Matamorisca es una pequeña localidad de la
Montaña Palentina, situada al norte de la provincia, a
escasos kilómetros de Aguilar del Campoo. Su iglesia, consagrada
a Juan el Bautista, es una de las joyas del arte medieval palentino.
Historia del edificio
No son muchos los datos que tenemos sobre su construcción,
como es habitual en este tipo de edificios. Casi todos los autores
se muestran de acuerdo en que su construcción debió
realizarse en dos fases cercanas en el tiempo, entre mediados
del siglo XII y comienzos del XIII, si bien el aspecto que presenta
en la actualidad está muy influenciado por las reformas
realizadas en el barroco, y que dificultan en gran medida su datación.
El edificio debió comenzar a construirse por el costado
septentrional. En el siglo XVI se reestructuró todo el
interior. Sabemos, gracias a la documentación de archivo,
que antes de 1570 trabajó en esta obra el cantero Juan
de Monasterio. En el siglo XVII se añadió la sacristía
y la torre, esta última en sustitución de una primitiva
espadaña que posiblemente se había derrumbado unos
años antes.

El aspecto actual de la iglesia evidencia esta sucesión
de campañas constructivas. Se trata de un templo de planta
rectangular, estructurado en su interior en dos naves, con una
pequeña torre campanario en el muro de los pies que ocupa
todo el ancho de la nave norte, y la sacristía, que se
adosa a esta misma nave.
El exterior
En
el exterior puede apreciarse un paramento bastante uniforme. Salvo
en el muro de los pies, todos los lienzos se encuentran reforzados
con contrafuertes, construidos en diferentes épocas. En
el muro norte destacan los canecillos figurativos de la parte
superior, en donde pueden distinguirse formas humanas, y otras
con un marcado carácter fálico.
La portada principal se sitúa en el lado sur,
enmarcada por dos gruesos contrafuertes, y cubierta por un tejaroz
con decoración de bolas. Es un sencillo arco apuntado rodeado
por cuatro arquivoltas y una chambrana sin decoración,
que debió realizarse a finales del siglo XV. Sin duda éste
no fue el acceso original de la iglesia. En el muro de poniente
hay un gran arco gótico cegado, pero la falta de un estudio
sistemático de los paramentos impide saber con certeza
si se trata de un acceso medieval o un arco perpiaño que
daba acceso a un nuevo tramo en dirección a los pies.

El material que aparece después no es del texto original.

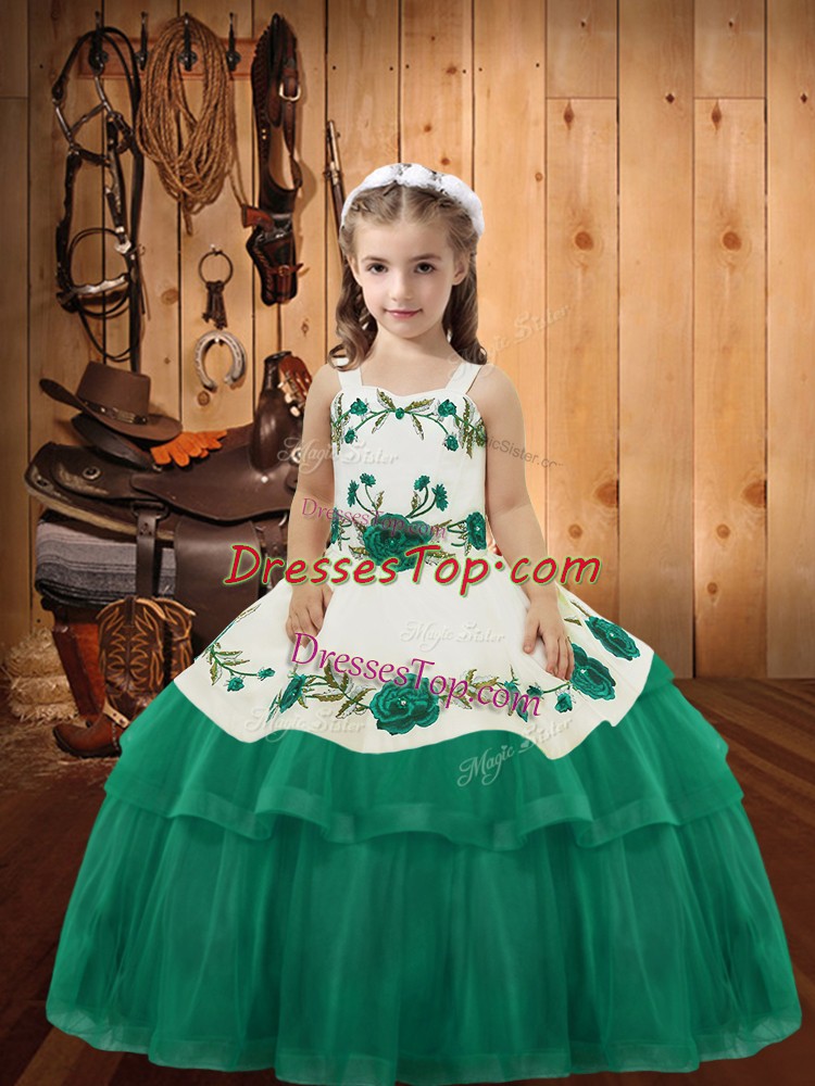 Organza Sleeveless Floor Length Little Girls Pageant Gowns and Embroidery and Ruffled Layers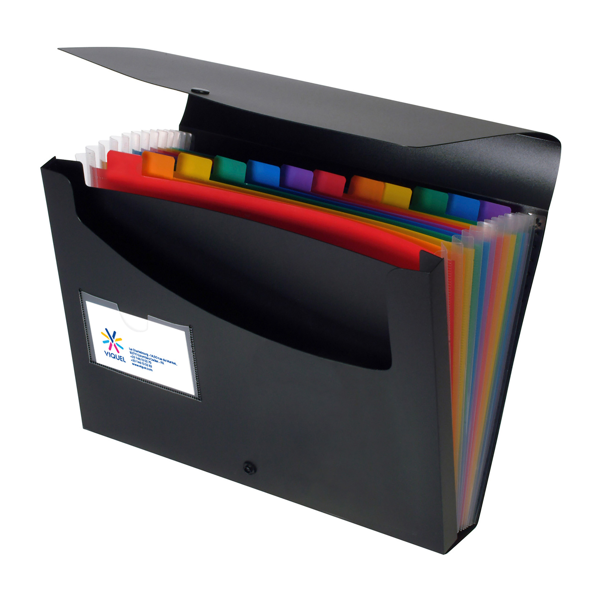 De uitschuifbare map met 12 tabs Viquel Rainbow Class is gemaakt van 7/10 polypropyleen met een zwarte buitenkant en een veelkleurige binnenkant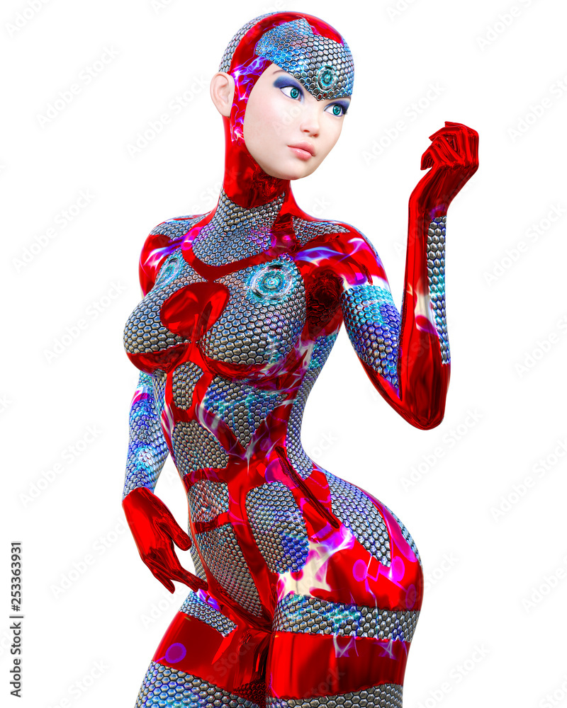 Fototapeta Cyborg droid robot woman futuristic metallic neon suit

En el hastial sur se aprecian los restos de otro
acceso con un arco de medio punto, sostenido sobre un cimacio
decorado con taqueado.
El interior
En el interior se aprecian las dos naves, separadas
por grandes pilastras y arcos formeros. Tanto la nave como el
ábside norte se cubren con bóvedas de terceletes,
mientras que en la septentrional hay una crucería simple.
Ambas se rematan en un ábside cuadrangular con testero
recto, que se comunica con las naves por medio de arcos de medio
punto. En el muro del ábside meridional se aprecia una
ventana saetera cegada; mientras que en el contrario hay un vano
adintelado, que comunica con la sacristía. A los pies de
la nave oeste hay un coro alto, construido en el barroco, y en
la otra nave se encuentra el baptisterio medieval, semioculto
por una reja.
La torre se divide en dos alturas, si bien la primera
está cegada. Por medio de una puerta construida seguramente
en la misma época que el campanario, se accede a una escalera
de caracol. Por ella se sube al segundo cuerpo, en donde se aprecian
cuatro troneras de arcos de medio punto, algunas de las cuáles
pudieron formar parte de la primitiva espadaña románica.
Las pinturas murales
Recientemente se ha quitado el enlucido de cal con
que se había recubierto el interior, y en los muros han
aparecido unas extraordinarias pinturas tardogóticas que
debieron cubrir todo el interior. Su estética se ha relacionado
con el conocido como maestro de San Felices, un pintor local procedente
quizás de la localidad homónima. Se trata de un
pintor del siglo XV cuyo taller trabajó en varias iglesias
situadas en el norte de Palencia y el sur de Cantabria, como San
Cebrián de Mudá, Revilla de Santullán, Valdeolea,
o Santa María la Real de Valberzoso.

Las pinturas de Matamorisca son de un extraordinario
virtuosismo y delicadeza, pero denotan un marcado arcaísmo.
Se trata de figuras rígidas y antinaturales, en cuyos rasgos
se aprecia un intento de buscar la expresividad característica
del gótico pero mediante una estética todavía
anclada en lo románico. En las representaciones se usa
la perspectiva jerárquica, y su policromía está
formada por tonos vivos. También son características
las bandas con motivos geométricos, que enmarcan y delimitan
las diferentes escenas.

En el muro septentrional de la nave sur destaca la
figura de una mujer, que debió formar parte de una escena
más amplia. Pero el conjunto de mayor riqueza se encuentra
en el ábside del lado de la epístola. En el lienzo
sur se puede ver, en la parte superior, la Matanza de los Inocentes,
y en la inferior, un Juicio Final. En la cabecera se aprecian
diferentes representaciones. De arriba abajo, y de izquierda a
derecha, se encuentra el Nacimiento, la adoración de los
Magos, la adoración de los pastores, un funeral y dos escenas
de caza. En la bóveda esta representado un Tetramorfos.

El arte mueble
Por último, en relación al arte
mueble, destaca la pila bautismal tardorrománica, situada
actualmente en el ábside de la epístola. Está
formada por una base y un cuerpo superior, ambos de piedra arenisca.
Se decora con dos franjas de arquillos ciegos separados por una
imposta.

En el ábside del evangelio hay un retablo
de factura neoclásica con una figura masculina que podría
corresponder al santo titular de la iglesia. Algunos autores anteriores
a la Guerra Civil afirmaron también haber visto en su interior
una Virgen gótica con el Niño, cuya ubicación
actual se desconoce.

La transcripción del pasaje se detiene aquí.